> Data section:
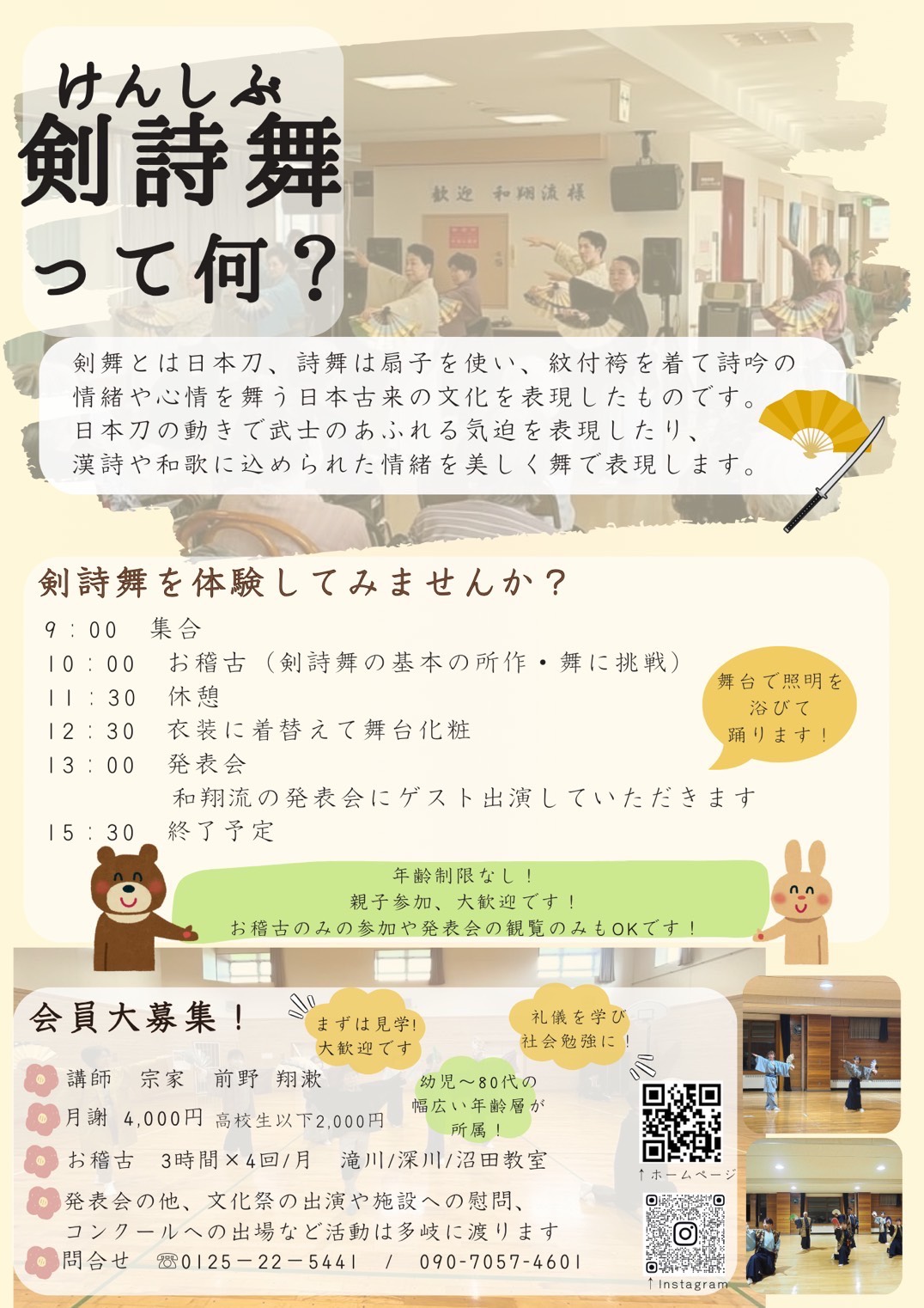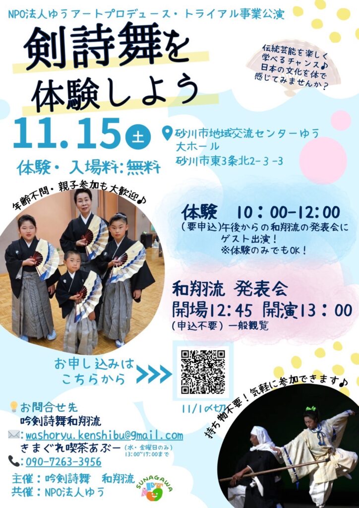 11月152025 ゆうアートプロデュース・トライアル事業「剣詩舞を体験しよう」 空知に3カ所のお教室を持つ「吟剣詩舞 和翔流」の皆さんが、体験会を開催します! 子どもから大人まで、楽しく日本の文化を学ぶことができます♪ 公演名ゆうアートプロデュース・トライアル事業「剣詩舞を体験しよう」 日 時2025年11月15日(土) 〈体 験〉10:00~12:00 〈発表会〉開場12:45 開演13:00 体験会のお申し込みは、下記「体験会お申込み」ボタンから「申し込みフォーム」に必要事項を入力してお申し込みください 会 場砂川市地域交流センターゆう 大ホール (砂川市東3条北2丁目3-3 JR砂川駅直結) 参加費・入場料無料 共 催NPO法人ゆう 主 催吟剣詩舞和翔流 お問合せ吟剣詩舞和翔流 ✉ washoryu.kenshibu@gmail.com きまぐれ喫茶あぶー ☎ 090-7263-3956 (水・金曜日のみ 13:00~17:00まで) 体験会お申込み
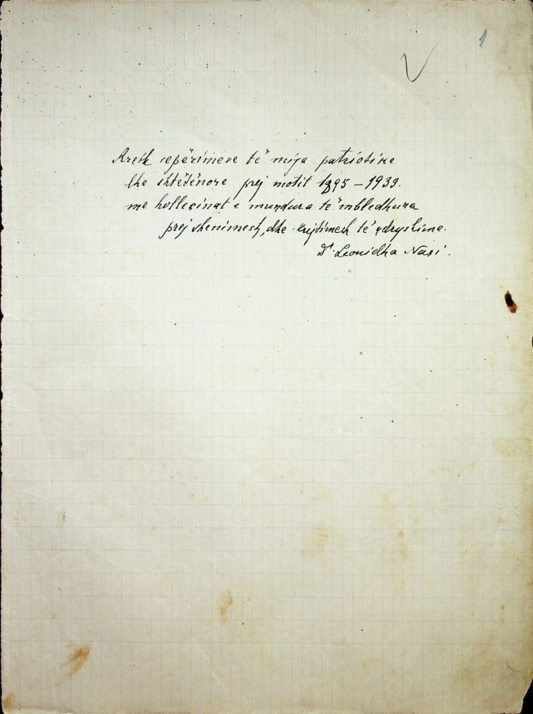 Varianti i historisë së flamurit sipas patriotit Leonidha Naçi, të cilin prezantojmë, gjendet në një dorëshkrim që përmban kujtime të vetë atij. Këto kujtime Naçi i ka shkruar gjatë ose pas vitit 1939, siç e thotë në fletën e parë të tyre, dhe synon të përshkruajë veprimtarinë e tij patriotike prej vitit 1895 deri më 1939. Këtë, siç thotë po ai, e bën që t’ia lërë kujtim të birit, jo për t’u botuar. Kujtimet ruhen në dorëshkrim, në fletë të thjeshta fletoreje, të shkëputura nga njëra-tjetra, shkruar me bojë të zezë. Pasi përshkruan kohën e studimeve, vitet kur jepte mësim në shkolla të ndryshme, burgosjen dhe endjet nëpër Ballkan si mësues e gazetar, përpjekjet për hapjen e një kursi të gjuhës shqipe në Athinë dhe hapjen për pak kohë të një kursi të shqipes në Korfuz, Naçi na informon për çështjen e flamurit (sjellim transkriptimin diplomatik, pa ndërhyrë në tekst):
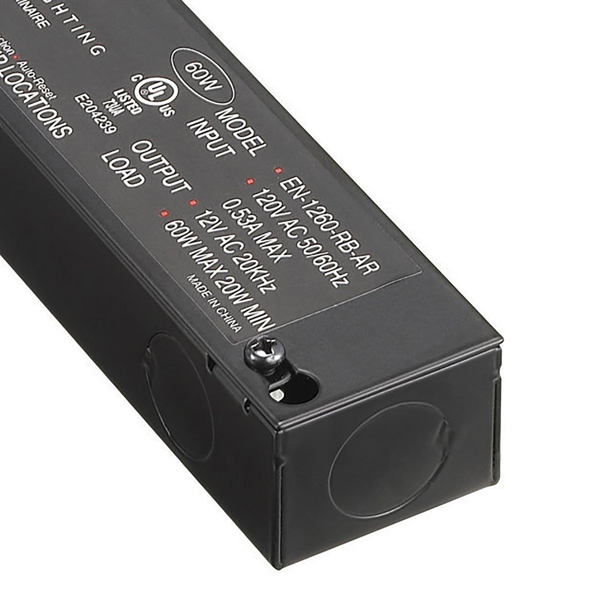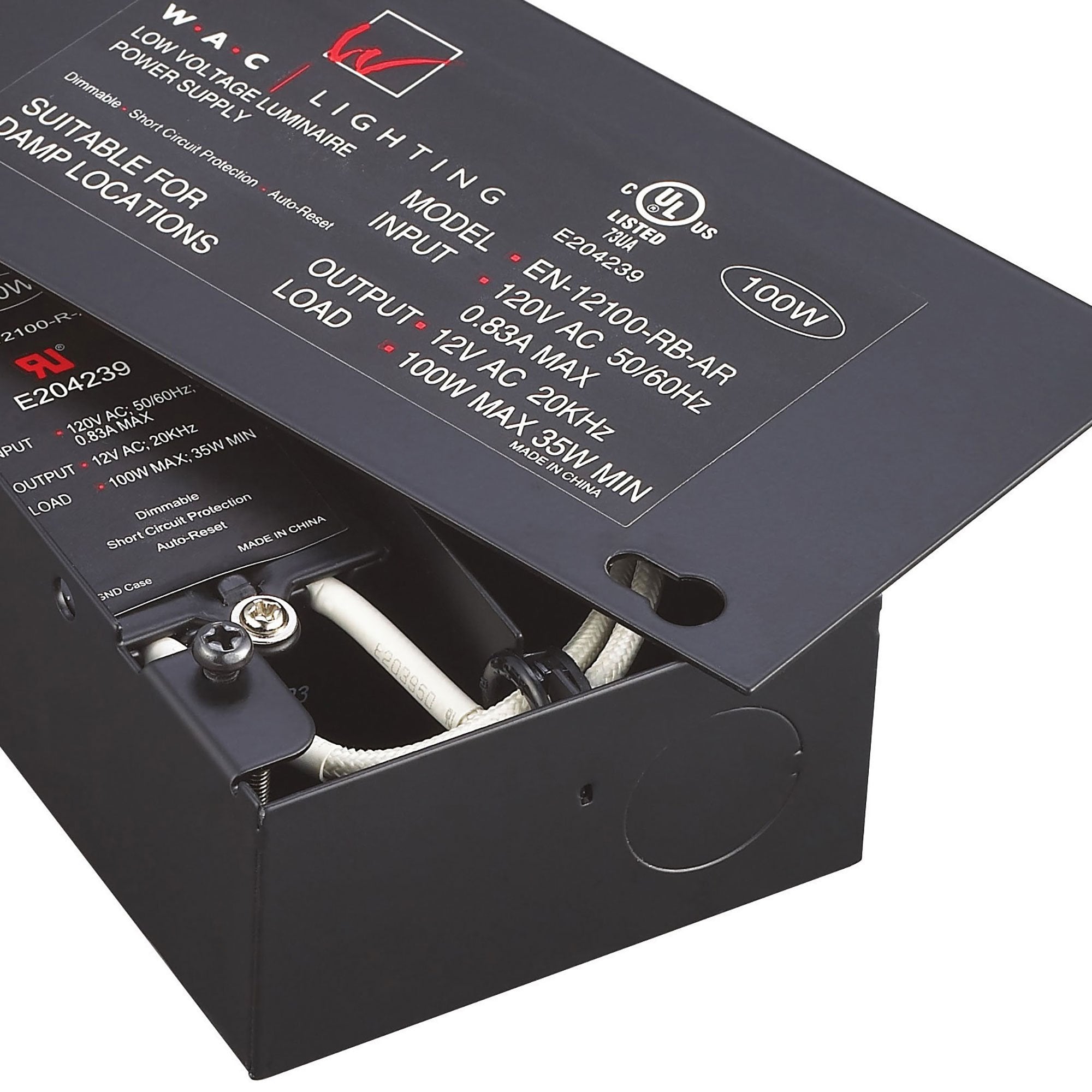 Safe lighting side connections without a conduit sheathed cable or clamp wiring compartment improves the ease of installing with the Enclosed Electronic Transformer 120V/12V from WAC Lighting. This transformer features options for dimming features with the separate purchase of an electronic low-voltage dimmer.
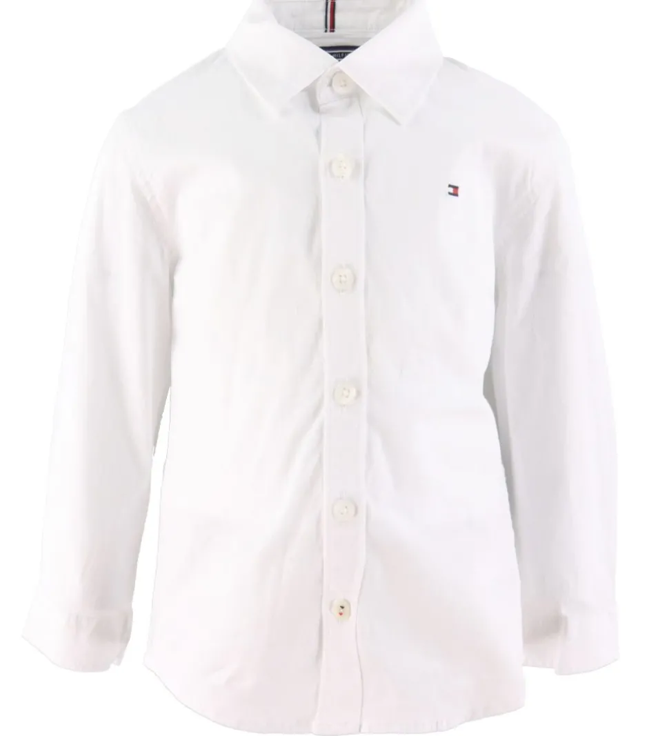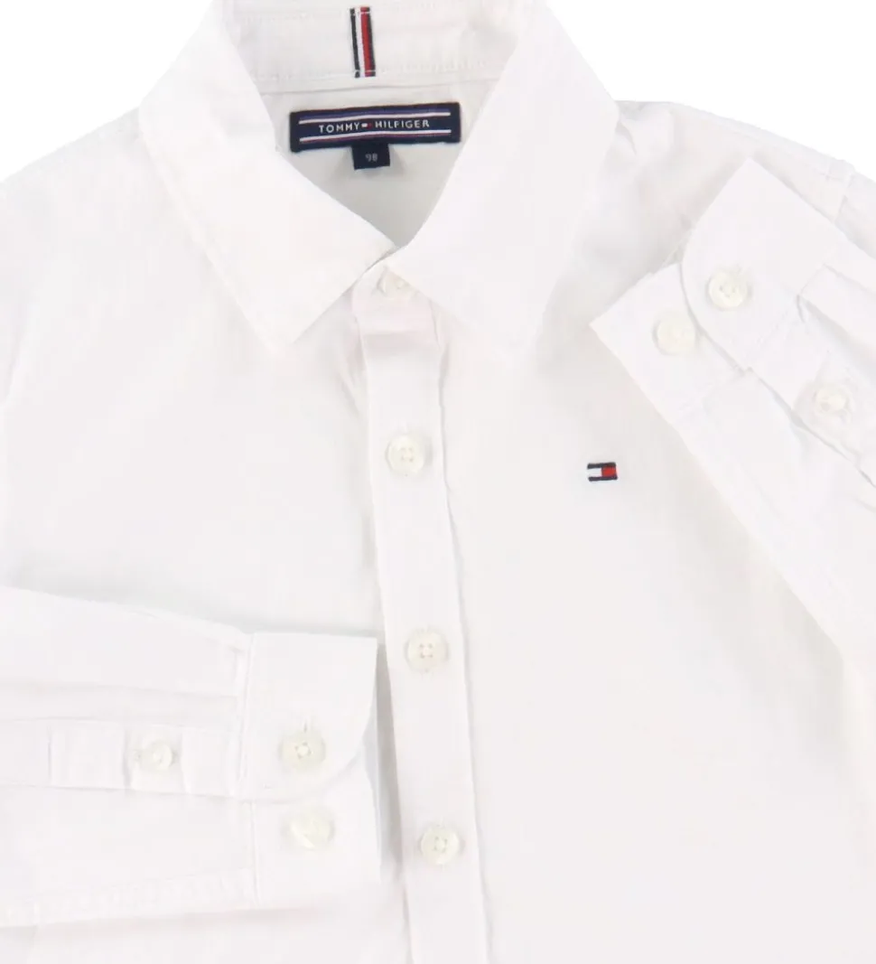 Fin Tommy Hilfiger skjorte i ensfarvet hvid med hvide knapper. Fortil er der broderet et lille logo, og som en smart detalje er den nederste knap fortil syet fast med en rød, en hvid og en navy tråd.

> Work instruction:
Excluding the pictures, retype the line containing "Safe lighting side" and all lines after it down to the end of the data above.

> Your response:
 Safe lighting side connections without a conduit sheathed cable or clamp wiring compartment improves the ease of installing with the Enclosed Electronic Transformer 120V/12V from WAC Lighting. This transformer features options for dimming features with the separate purchase of an electronic low-voltage dimmer.
 Fin Tommy Hilfiger skjorte i ensfarvet hvid med hvide knapper. Fortil er der broderet et lille logo, og som en smart detalje er den nederste knap fortil syet fast med en rød, en hvid og en navy tråd.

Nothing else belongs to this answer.